Dowód na istnienie Atlantydy? Tajemnicza mapa Piriego Reisa
Kiedy w 1929 roku niemiecki teolog Deissman odnalazł w stambulskiej bibliotece stary atlas, nie przypuszczał zapewne, jak wielką wagę będzie miało jego odkrycie. Na jednej z map zaznaczono bowiem ląd, o którym w momencie jej powstania nikt jeszcze nie wiedział! Jak to możliwe?
Autorem mapy był turecki admirał Piri Ibn Hadżi Memmed (urodzony między 1965 a 70, zm. 1553), znany bardziej jako Piri Reis (słowo reis w języku tureckim oznacza kapitana – przyp. red.).

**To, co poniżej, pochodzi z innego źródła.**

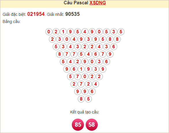 ⭐️ Kết quả nhận được từ soi cầu Pascale là cặp song thủ lô: 85 – 58
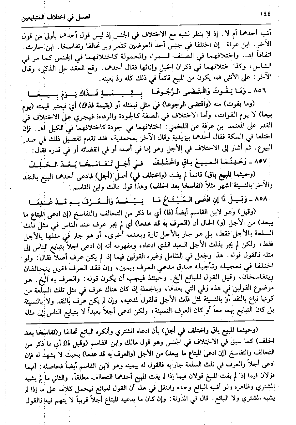 أشبه أَحدهمَا أم لَا. إِذْ لَا ينظر لشبه مَعَ الِاخْتِلَاف فِي الْجِنْس إِذْ لَيْسَ قَول أَحدهمَا بِأولى من قَول الآخر. ابْن عَرَفَة: إِن اخْتلفَا فِي جنس أحد الْعِوَضَيْنِ كتمر وبر تحَالفا وتفاسخا. ابْن حَارِث: اتِّفَاقًا اه. واختلافهما فِي الصِّنْف السمراء والمحمولة كاختلافهما فِي الْجِنْس كَمَا مر فِي الشَّامِل، وَكَذَا اخْتِلَافهمَا فِي ذكران الْخَيل وإناثها فَقَالَ أَحدهمَا: وَقع العقد على الذّكر، وَقَالَ الآخر: على الْأُنْثَى فَمَا يكون من الْمَبِيع قَائِما فِي ذَلِك كُله ردّ بِعَيْنِه. وَمَا يَفُوتُ وَاقْتَضَى الرُّجُوعَا بِقِيمَةٍ فَذَاكَ يَوْمَ بِيعَا (وَمَا يفوت) مِنْهُ (وَاقْتضى الرجوعا) فِي مثلي فبمثله أَو (بِقِيمَة فَذَاك) أَي فَيعْتَبر قِيمَته (يَوْم بيعا) لَا يَوْم الْفَوات، وَأما الِاخْتِلَاف فِي الصّفة كالجودة والرداءة فَيجْرِي على الِاخْتِلَاف فِي الْقدر على الْمُعْتَمد ابْن عَرَفَة عَن اللَّخْمِيّ: اخْتِلَافهمَا فِي الْجَوْدَة كاختلافهما فِي الْكَيْل اه. فَإِن اخْتلفَا فِي السِّكَّة فَقَالَ أَحدهمَا بيزيدية وَقَالَ الآخر بمحمدية، فقد تقدم تَفْصِيل ذَلِك فِي صدر الْبيُوع. ثمَّ أَشَارَ إِلَى الِاخْتِلَاف فِي الْأَجَل وَهُوَ إِمَّا فِي أَصله أَو فِي انقضائه أَو فِي قدره فَقَالَ: وَحَيْثُمَا المبيعُ باقٍ واخْتُلِفْ فِي أَجَلٍ تَفَاسَخَا بَعْدَ الحَلِفْ (وحيثما الْمَبِيع بَاقٍ) قَائِما لم يفت (وَاخْتلف فِي) أصل (أجل) فَادّعى أَحدهمَا البيع بِالنَّقْدِ وَالْآخر بِالنَّسِيئَةِ لشهر مثلا (تفاسخا بعد الْحلف) وَهَذَا قَول مَالك وَابْن الْقَاسِم. وَقِيلَ ذَا إنِ ادَّعَى المُبْتَاعُ مَا يَبْعُدُ وَالْعُرْفَ بهِ قَدْ عُدِمَا (وَقيل) وَهُوَ لِابْنِ الْقَاسِم أَيْضا (ذَا) أَي مَا ذكر من التَّحَالُف والتفاسخ (إِن ادّعى الْمُبْتَاع مَا يبعد) من الْأَجَل (و) الْحَال أَن (الْعرف بِهِ قد عدما) أَي لم يجر عرف عِنْد النَّاس فِي مثل تِلْكَ السّلْعَة بالأجل فَقَط، بل هُوَ جَار بالأجل تَارَة وبعدمه أُخْرَى، أَو هُوَ جَار فِي مثلهَا بالأجل فَقَط، وَلَكِن لم يجر بذلك الْأَجَل الْبعيد الَّذِي ادَّعَاهُ، وَمَفْهُومه أَنه إِن ادّعى اجلاً بتبايع النَّاس إِلَى مثله فَالْقَوْل قَوْله. هَذَا وَجعل فِي الشَّامِل وَغَيره الْقَوْلَيْنِ فِيمَا إِذا لم يكن عرف أصلا فَقَالَ: وَلَو اخْتلفَا فِي تَعْجِيله وتأجيله صدق مدعي الْعرف بِيَمِين، وَإِن فقد الْعرف فَقيل يَتَحَالَفَانِ ويتفاسخان، وَقيل القَوْل للْبَائِع الخ. وَحِينَئِذٍ فَيجب أَن يكون قَوْله: وَالْعرْف بِهِ الخ. هُوَ مَوْضُوع الْقَوْلَيْنِ فِي هَذِه وَفِي الَّتِي بعْدهَا وَبِالْجُمْلَةِ إِذا كَانَ هُنَاكَ عرف فِي مثل تِلْكَ السّلْعَة من كَونهَا تبَاع بِالنَّقْدِ أَو بِالنَّسِيئَةِ لمثل ذَلِك الْأَجَل فَالْقَوْل لمدعيه، وَإِن لم يكن عرف بِالنَّقْدِ وَلَا بِالنَّسِيئَةِ بل كَانَ التبايع بهما مَعًا أَو كَانَ الْعرف النَّسِيئَة، وَلَكِن ادّعى أَََجَلًا بَعيدا لَا بتبايع النَّاس إِلَى مثله
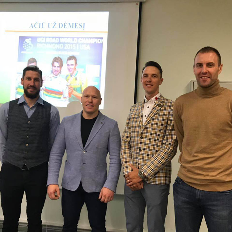 [CITATA]Ji pabrėžė, kad prieš kelias dienas magistro diplominius darbus KU apsigynė trys labai garsūs sportininkai - Europos čempionas, olimpinis prizininkas Aurimas Didžbalis, buvęs Lietuvos krepšinio rinktinės žaidėjas, pasaulio ir Europos krepšinio prizininkas, dabartinis "Neptūno" žaidėjas Tomas Delininkaitis ir Londono bei Rio de Žaneiro olimpinių žaidynių dalyvis, planetos čempionato prizininkas, prestižinių daugiadienių lenktynių "Giro d'Italia" ir "Tour de France" etapų nugalėtojas Ramūnas Navardauskas. Taip pat praėjusią savaitę bakalauro studijas KU baigė ir kitas garsus dviratininkas, olimpietis Gediminas Bagdonas.
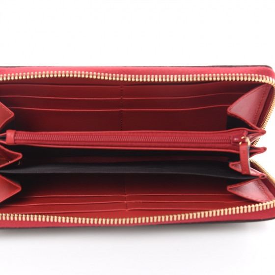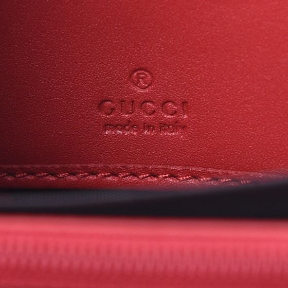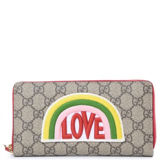 Crafted of Gucci GG canvas with a unique patch of a rainbow with the word "LOVE" underneath. The zipper opens to a red leather and black fabric compartmentalized interior with card slots and a zipper compartment.
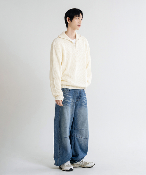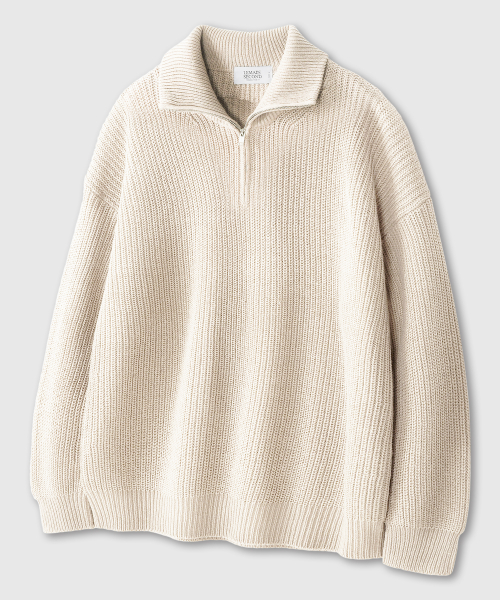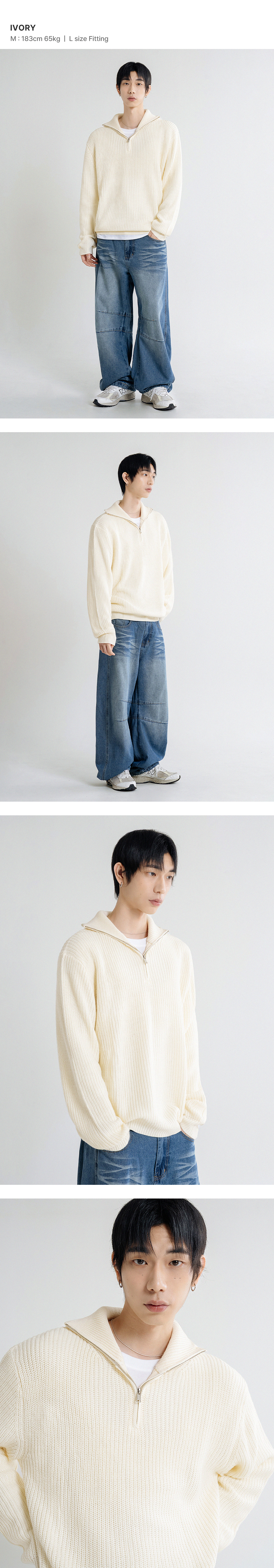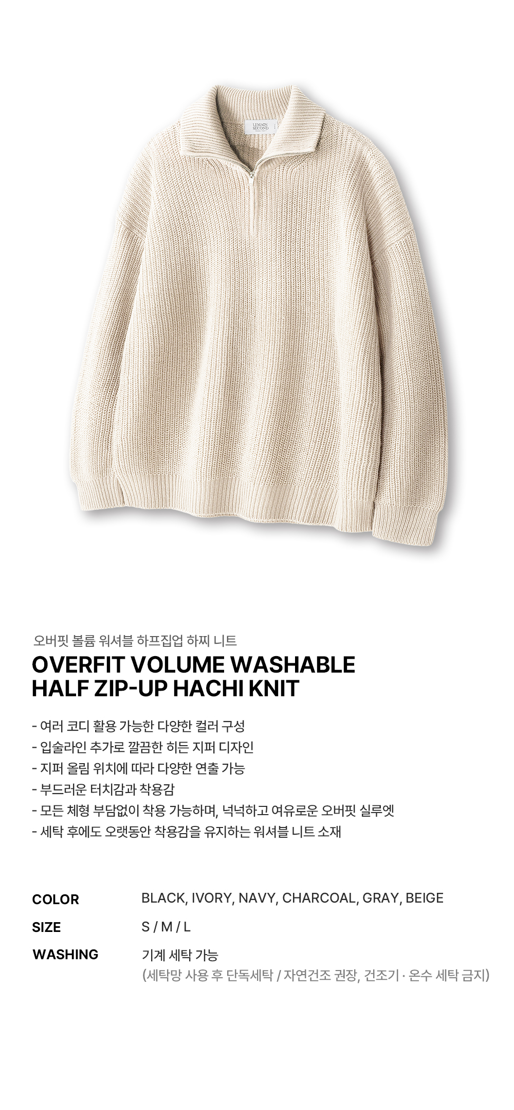 오버핏 볼륨 워셔블 하프집업 하찌 니트 [아이보리]

W 1521 roku wydał on atlas zawierający setki map, nazwany Kitāb-ı Baḥrīye (Księgi Morza).
Z dużą dokładnością nakreślona została tam prawie cała Europa, północna i zachodnia Afryka, rejony dzisiejszego Bliskiego Wschodu, Indie oraz wybrzeże dopiero co odkrytej Ameryki. Przez kilka lat Piri aktualizował swoje mapy, jednak dość szybko popadły one w zapomnienie.
Zagubiona mapa
Mapy odzyskały swą sławę, kiedy badacz Gustav Adolf Deissmann (1866–1937) przypadkiem odnalazł je w bibliotece pałacu Topkapi w Istambule. Znalezisko datuje się na 1513 rok, kiedy znane już były odkrycia geograficzne z rejonów Nowego Świata z końca XV i początku XVI wieku. Według informacji, które Piri Reis umieścił w atlasie, przy tworzeniu map korzystał nie tylko z własnej wiedzy, lecz także z wielu dostępnych wtedy źródeł.
Studiował prawdopodobnie aż 20 różnych map, w tym osiem starożytnych map Ptolemeusza, arabską mapę Indii, cztery najnowsze portugalskie mapy oraz tę stworzoną przez samego Krzysztofa Kolumba (1451–1506). W dolnej części odnalezionej mapy skrywa się jednak coś, co czyni ją naprawdę wyjątkową. Piri umieścił tam ląd, o którego istnieniu nie donoszą żadne źródła z tamtego okresu. Jaka część świata została uwieczniona na mapie?
Można przypuszczać, że chodziło o Antarktydę, jednak ta w XVI wieku od tysiącleci skuta była lodem, a na mapie widoczne jest wybrzeże bez pokrywy lodowej.
Zadziwiające odkrycie
Włoski historyk Diego Cuoghi (ur. 1955) twierdzi, że Piri mógł po prostu niedokładnie odzwierciedlić wybrzeże południowej Brazylii, Urugwaju i Argentyny. Gdyby kartograf rzeczywiście kreślił Antarktydę, na mapie powinien się znaleźć przylądek Horn oraz cieśnina Drake’a łącząca Ocean Atlantycki z Oceanem Spokojnym. Tych tam jednak nie ma.
Niedawne odkrycie naukowców przynosi jednak kolejne zaskoczenie. Kiedy porównali oni stworzone przy pomocy nowoczesnych technologii mapy wybrzeża Antarktydy, okazało się, że w znacznym stopniu zgadzają się one z mapą Piriego! Południowy ląd z atlasu stworzonego w 1513 roku do złudzenia przypomina Ziemię Królowej Maud na Antarktydzie.
Badacze czekają jednak z ostatecznymi wnioskami na wyniki kolejnych badań. Pojawiło się pytanie, skąd admirał Piri mógł czerpać informacje o tak trudno dostępnym kontynencie?
Czy to Atlantyda?
Badacz Charles Hapgood (1904–1982) był zwolennikiem innej teorii dotyczącej mapy, zwanej teorią Królów Morza. Według jego założeń na Antarktydzie jeszcze przed jej zlodowaceniem, czyli około 15-25 tysięcy lat temu, mogła żyć wysoko rozwinięta cywilizacja. Położenie kontynentu znacznie różniło się jednak od dzisiejszego – Antarktyda znajdować się miała 3 tysiące kilometrów wyżej na północ, a na swoje aktualne miejsce dostała się dopiero później, w wyniku ruchu płyt tektonicznych.
Czy nakreślony na mapie Piriego ląd to tajemnicza Atlantyda? Miejmy nadzieję, że niedługo naukowcy wyjaśnią tę zagadkę.